[Exercise brief] Look through the listing below for the line containing "Remettez de l’huile". Copy it and each line after it up to and including the line containing "Herzliche Einladung zur", exactly, leaving out pictures.

[Provided records]

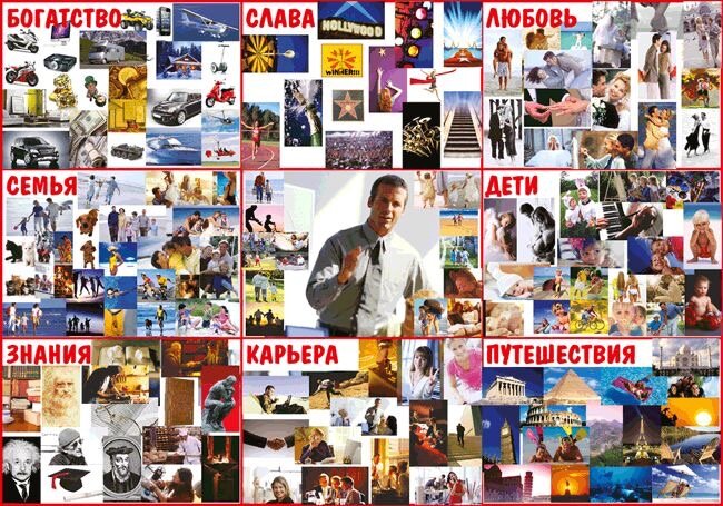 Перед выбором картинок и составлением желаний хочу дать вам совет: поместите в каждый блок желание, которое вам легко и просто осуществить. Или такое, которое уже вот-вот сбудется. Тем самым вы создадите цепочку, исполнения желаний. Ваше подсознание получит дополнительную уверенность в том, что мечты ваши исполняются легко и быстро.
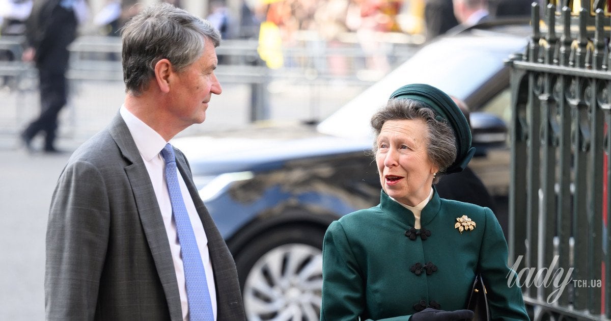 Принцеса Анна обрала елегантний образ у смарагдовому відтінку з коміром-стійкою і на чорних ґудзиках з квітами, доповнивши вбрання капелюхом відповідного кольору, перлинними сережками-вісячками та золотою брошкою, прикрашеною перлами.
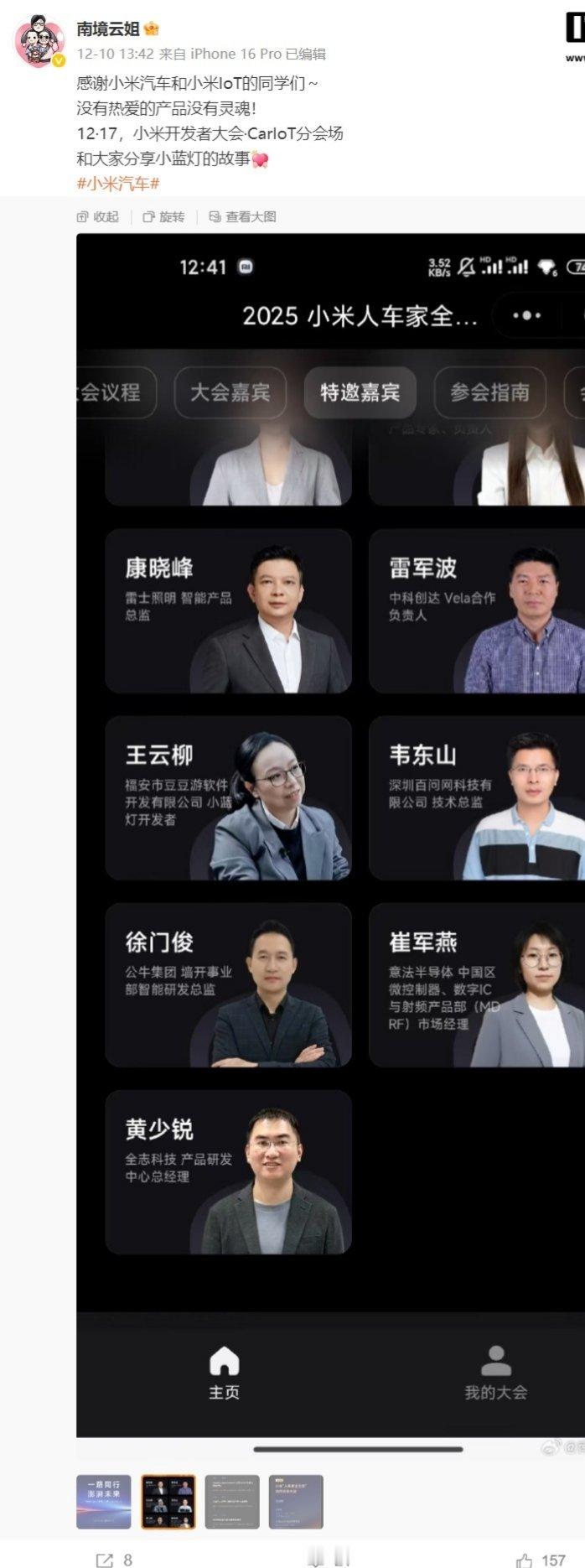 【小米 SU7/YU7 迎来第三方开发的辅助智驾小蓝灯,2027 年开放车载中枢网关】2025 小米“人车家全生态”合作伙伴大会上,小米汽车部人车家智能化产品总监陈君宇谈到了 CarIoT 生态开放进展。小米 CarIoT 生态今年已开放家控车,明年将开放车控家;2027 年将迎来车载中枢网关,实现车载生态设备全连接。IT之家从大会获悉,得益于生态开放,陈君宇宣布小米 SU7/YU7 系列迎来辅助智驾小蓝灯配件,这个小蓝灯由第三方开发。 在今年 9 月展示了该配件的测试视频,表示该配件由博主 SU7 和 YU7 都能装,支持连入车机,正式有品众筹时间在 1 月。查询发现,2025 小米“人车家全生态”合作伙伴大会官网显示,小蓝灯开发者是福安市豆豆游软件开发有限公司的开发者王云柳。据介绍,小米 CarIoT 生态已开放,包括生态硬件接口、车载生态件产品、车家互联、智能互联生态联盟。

* * *

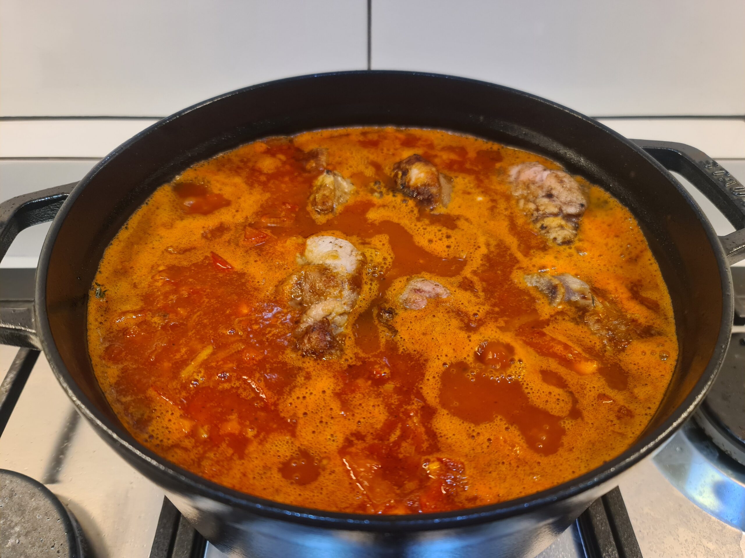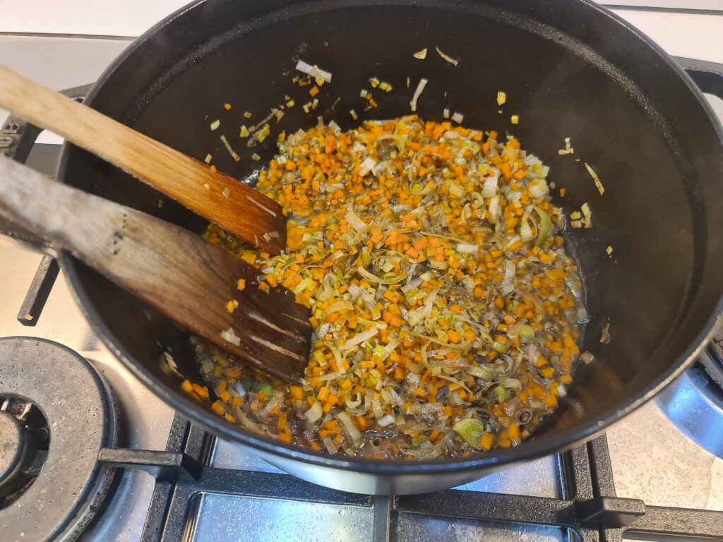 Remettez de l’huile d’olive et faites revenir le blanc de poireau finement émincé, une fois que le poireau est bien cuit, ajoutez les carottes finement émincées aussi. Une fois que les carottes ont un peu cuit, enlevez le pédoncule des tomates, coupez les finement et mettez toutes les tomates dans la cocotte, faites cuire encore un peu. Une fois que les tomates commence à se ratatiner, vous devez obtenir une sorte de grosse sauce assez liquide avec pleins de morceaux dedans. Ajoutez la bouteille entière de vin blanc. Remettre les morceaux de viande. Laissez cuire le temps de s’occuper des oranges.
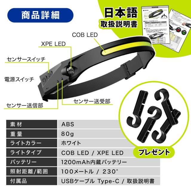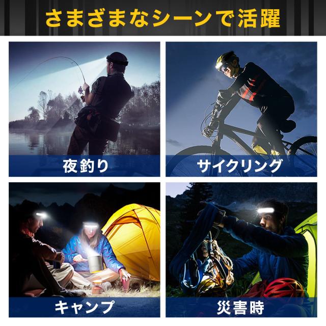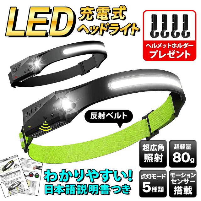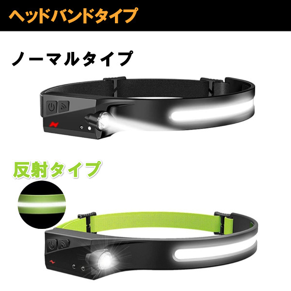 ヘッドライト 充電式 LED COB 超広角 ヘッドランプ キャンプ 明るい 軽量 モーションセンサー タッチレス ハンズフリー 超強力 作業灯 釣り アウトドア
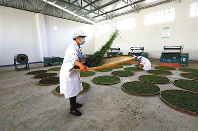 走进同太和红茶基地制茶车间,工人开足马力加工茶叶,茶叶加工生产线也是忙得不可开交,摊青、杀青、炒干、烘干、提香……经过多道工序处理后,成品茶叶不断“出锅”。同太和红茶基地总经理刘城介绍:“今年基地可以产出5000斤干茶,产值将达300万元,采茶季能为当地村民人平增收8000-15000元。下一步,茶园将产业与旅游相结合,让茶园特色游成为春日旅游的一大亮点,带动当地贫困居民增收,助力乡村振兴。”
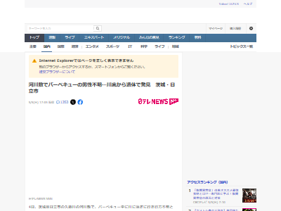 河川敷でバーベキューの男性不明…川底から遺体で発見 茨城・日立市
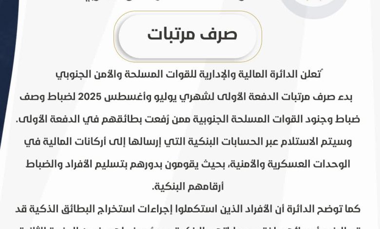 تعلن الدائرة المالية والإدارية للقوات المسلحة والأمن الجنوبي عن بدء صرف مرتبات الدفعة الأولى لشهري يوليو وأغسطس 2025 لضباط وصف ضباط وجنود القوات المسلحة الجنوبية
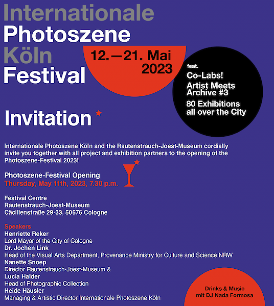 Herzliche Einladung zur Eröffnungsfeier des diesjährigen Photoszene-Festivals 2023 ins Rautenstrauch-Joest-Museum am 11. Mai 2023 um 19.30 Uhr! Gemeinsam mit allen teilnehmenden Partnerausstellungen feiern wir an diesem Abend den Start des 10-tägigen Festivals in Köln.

[Answer to the problem]
 Remettez de l’huile d’olive et faites revenir le blanc de poireau finement émincé, une fois que le poireau est bien cuit, ajoutez les carottes finement émincées aussi. Une fois que les carottes ont un peu cuit, enlevez le pédoncule des tomates, coupez les finement et mettez toutes les tomates dans la cocotte, faites cuire encore un peu. Une fois que les tomates commence à se ratatiner, vous devez obtenir une sorte de grosse sauce assez liquide avec pleins de morceaux dedans. Ajoutez la bouteille entière de vin blanc. Remettre les morceaux de viande. Laissez cuire le temps de s’occuper des oranges.
 ヘッドライト 充電式 LED COB 超広角 ヘッドランプ キャンプ 明るい 軽量 モーションセンサー タッチレス ハンズフリー 超強力 作業灯 釣り アウトドア
 走进同太和红茶基地制茶车间,工人开足马力加工茶叶,茶叶加工生产线也是忙得不可开交,摊青、杀青、炒干、烘干、提香……经过多道工序处理后,成品茶叶不断“出锅”。同太和红茶基地总经理刘城介绍:“今年基地可以产出5000斤干茶,产值将达300万元,采茶季能为当地村民人平增收8000-15000元。下一步,茶园将产业与旅游相结合,让茶园特色游成为春日旅游的一大亮点,带动当地贫困居民增收,助力乡村振兴。”
 河川敷でバーベキューの男性不明…川底から遺体で発見 茨城・日立市
 تعلن الدائرة المالية والإدارية للقوات المسلحة والأمن الجنوبي عن بدء صرف مرتبات الدفعة الأولى لشهري يوليو وأغسطس 2025 لضباط وصف ضباط وجنود القوات المسلحة الجنوبية
 Herzliche Einladung zur Eröffnungsfeier des diesjährigen Photoszene-Festivals 2023 ins Rautenstrauch-Joest-Museum am 11. Mai 2023 um 19.30 Uhr! Gemeinsam mit allen teilnehmenden Partnerausstellungen feiern wir an diesem Abend den Start des 10-tägigen Festivals in Köln.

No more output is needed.